TDS Zirconia Abutment for Nobel Biocare Branemark are zirconia abutments made of yttria-stabilized zircona (Y-TZP) designed to be used in conjunction with specific dental implants utilizing the TDS Abutment screw, which is made of Ti-6A1-4V ELI titanium and is used to secure the abutment to the implant. In combination with the implant, the abutments support single or multi-unit cement-retained restorations in the maxillary and/or mandibular arch. TDS Zirconia Abutment for Nobel Biocare Branemark is compatible with the following implant systems which have an external hex with flat-to-flat dimensions of 2.4mm or greater: Nobel Biocare Branemark, 3i, BioHorizons, and Lifecore.

This looks like a 510(k) premarket notification for a dental implant abutment, not a study describing the acceptance criteria or performance of an AI medical device. This document focuses on demonstrating substantial equivalence to a predicate device for regulatory approval, rather than presenting clinical study data for an AI algorithm.

Therefore, most of the requested information regarding acceptance criteria, study design, expert involvement, and AI performance metrics cannot be extracted from this document.

Here's an assessment based on the provided text:

1. A table of acceptance criteria and the reported device performance

   • Not applicable. This document is for a physical medical device (dental abutment), not an AI algorithm. It focuses on demonstrating substantial equivalence to a predicate device, not performance against specific clinical acceptance criteria in a study.

2. Sample sizes used for the test set and the data provenance (e.g. country of origin of the data, retrospective or prospective)

   • Not applicable. No test set or clinical data is presented for performance evaluation.

3. Number of experts used to establish the ground truth for the test set and the qualifications of those experts (e.g. radiologist with 10 years of experience)

   • Not applicable. No ground truth establishment for a test set is discussed.

4. Adjudication method (e.g. 2+1, 3+1, none) for the test set

   • Not applicable.

5. If a multi reader multi case (MRMC) comparative effectiveness study was done, If so, what was the effect size of how much human readers improve with AI vs without AI assistance

   • Not applicable.
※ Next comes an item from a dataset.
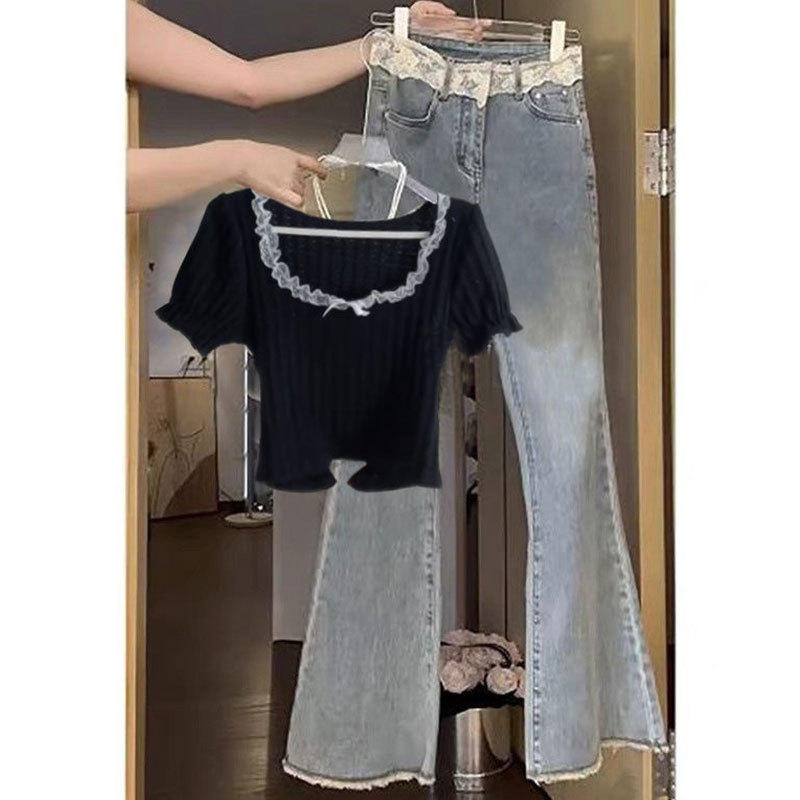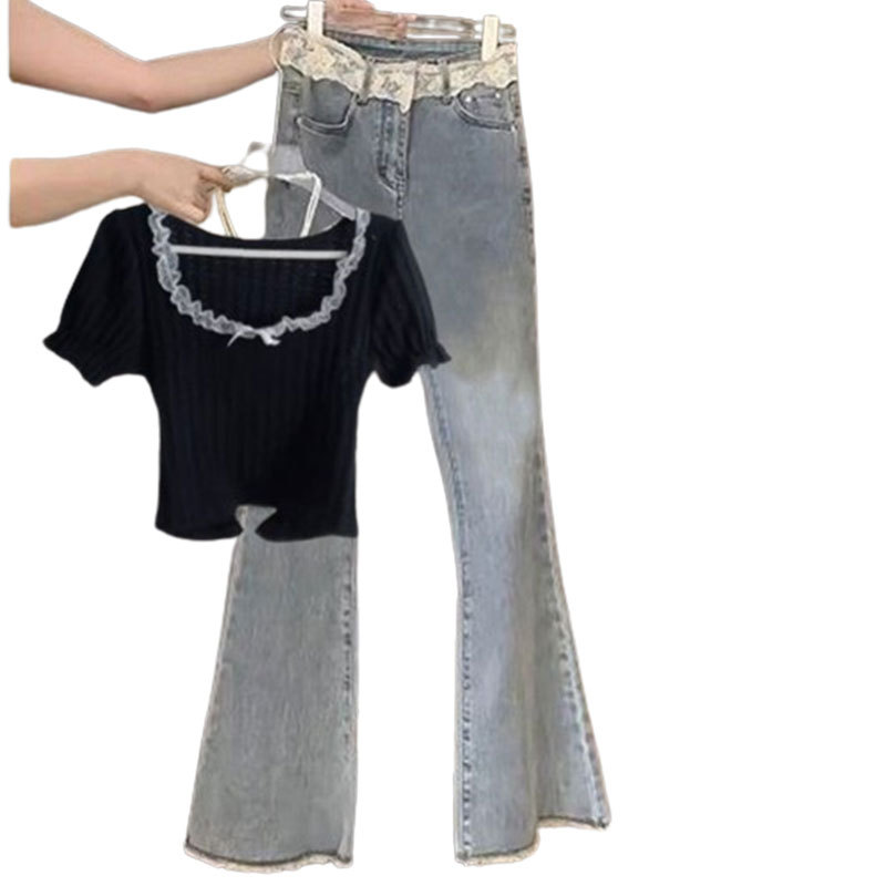夏季时尚炸街穿搭女新款轻熟风百搭短袖T恤高腰牛仔裤两件套

This is not an AI device.

6. If a standalone (i.e. algorithm only without human-in-the-loop performance) was done

   • Not applicable. This is not an AI device.
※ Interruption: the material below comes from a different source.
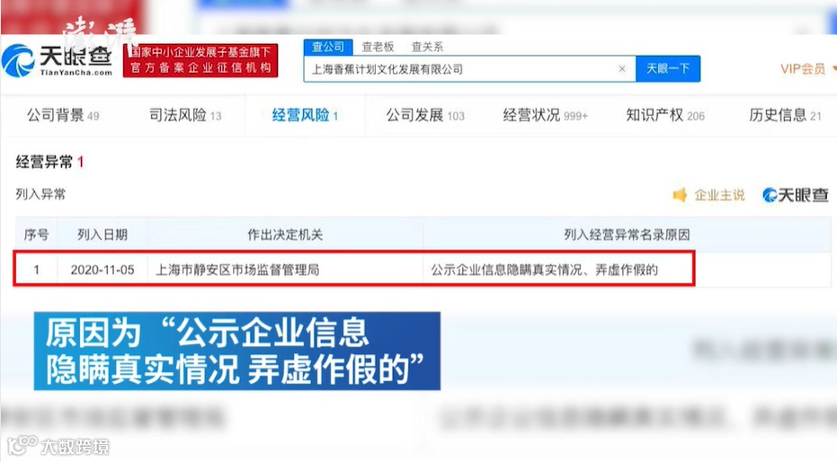 王思聪旗下上海香蕉计划文化发展有限公司被上海市静安区市场监督管理局列入经营异常名录,原因为“公示企业信息隐瞒真实情况、弄虚作假的”。

7. The type of ground truth used (expert consensus, pathology, outcomes data, etc)

   • Not applicable. No ground truth is discussed in the context of an AI algorithm evaluation.

8. The sample size for the training set

   • Not applicable. This is not an AI device that requires a training set.
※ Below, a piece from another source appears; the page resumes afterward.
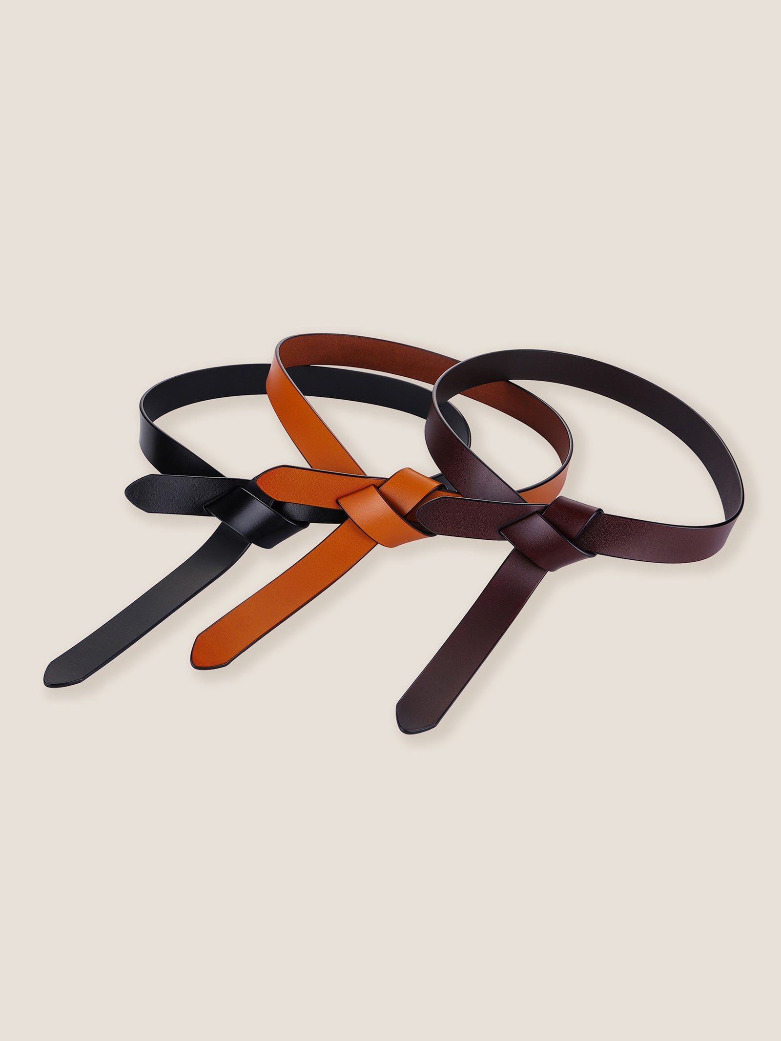 Made of top-tier handcrafted cowhide, this waist cincher features a stylish twisted knot design for an asymmetric, modern silhouette that accentuates the waist. Its hole-free construction allows flexible, personalized adjustment, and the sturdy leather ensures long-term durability. Measuring 120¡Á2.8cm, it blends fashion-forward design with functionality, elevating dresses and coats alike.

9. How the ground truth for the training set was established

   • Not applicable.

In summary, the provided document is a regulatory submission for a dental implant abutment, a physical medical device. It does not contain information about AI algorithm performance, clinical studies, acceptance criteria, or ground truth establishment as would be relevant for an AI-based medical device.